If you are thinking about setting up a corporation for running your business these tax planning tips will be helpful.

Taxation of the corporation:

Keep the corporation a small business corporation, so that your shares are qualified for small business shares at all times. This will preserve your ability to claim allowable business investment losses with respect to any loss on the corporation shares and the 750,000 capital gains exemption on any gain. To multiply your access to the capital gains exemption, you can arrange for your spouse to invest in common shares of your corporation. That way you can double available exemption by each one of you claiming $750,000.

Ways of extracting funds from the corporation:

You can use different methods to receive funds from the corporation’s income: Dividends, salary: defer income to the next calendar year by accruing bonuses, payments on loans from shareholders, maximise capital dividend payments, consider a tax free repayment of capital loan to share holder, deemed dividends, shareholder appropriations.

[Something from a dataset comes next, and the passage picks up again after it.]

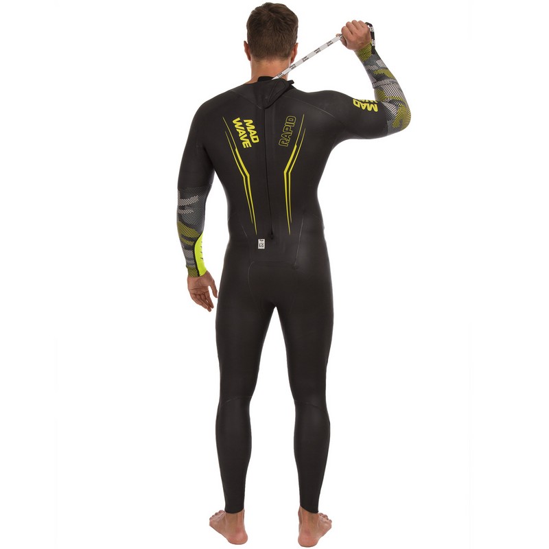 Гидрокостюм для триатлона RAPID — профессиональное решение для тренировок и соревнований по триатлону и плаванию на открытой воде. Благодаря многоуровневой структуре, ткань MAD WAVE SHEICO 3.0 NEOPRENE S-TYPE сочетает в себе легкость, эластичность и высочайшую прочность, позволяя сохранять идеальную плавучесть, а также обеспечивать эффективную терморегуляцию во время заплыва. Технология защиты от промокания GLIDESKIN позволяет верхнему слою ткани впитывать наименьшее количество влаги. Эластичная конструкция вставок на запястьях SHEICO X-WRIST, выполненная из ультрапрочного материала, а также молния YKK ZIPPER (Япония) с комфортным доступом для расстегивания одной рукой, позволят быстро снять гидрокостюм и не потерять ни секунды на периодах T1.

Effect of having a holding company:

Consider the tax benefits of setting up a holding corporation and look into the potential advantages of a corporate partnership. A holding company is often appropriate when you have family members involved in ownership of your share of the business and there are other shareholders not related to you.

Share holders’ agreement:

Where you share the ownership of a private corporation, it is usually wise to have a shareholders agreement. While preparing Shareholders agreement you should consider tax treatment of life insurance payments, the availability of the $750,000 capital gain exemption and the value of shares. It can set out in detail the rights and obligations of the shareholders that go beyond the basic ownership of shares.

Pension plans for small business owners:

If you are a small business owner and you don’t want the trouble of administering a pension plan, you may simply want to set up an RRSP for yourself and ensure that you have sufficient earned income to be able to make adequate contributions.

Investment income earned in a corporation:

You should weigh the potential advantages of incorporating your investments. And at the same time you should be cautious about having investment income in your corporation that carries on an active business. Incorporation will help you to control the timing of dividend payments and thus the timing of income receipts in your own hands, allowing you to maximise old age security benefits, reduce your exposure to minimum tax, manage the timing of dividend and increase your earned income and RRSP contribution room.

Selling the business:

If you decide to sell your incorporated business then there are two ways, sell the assets of the business and sell the shares of the business. If your shares are qualified shares you may be able to claim an exemption for up to $750,000 of your gain on the sale. No capital gain exemption is available to the corporation if it sells the assets.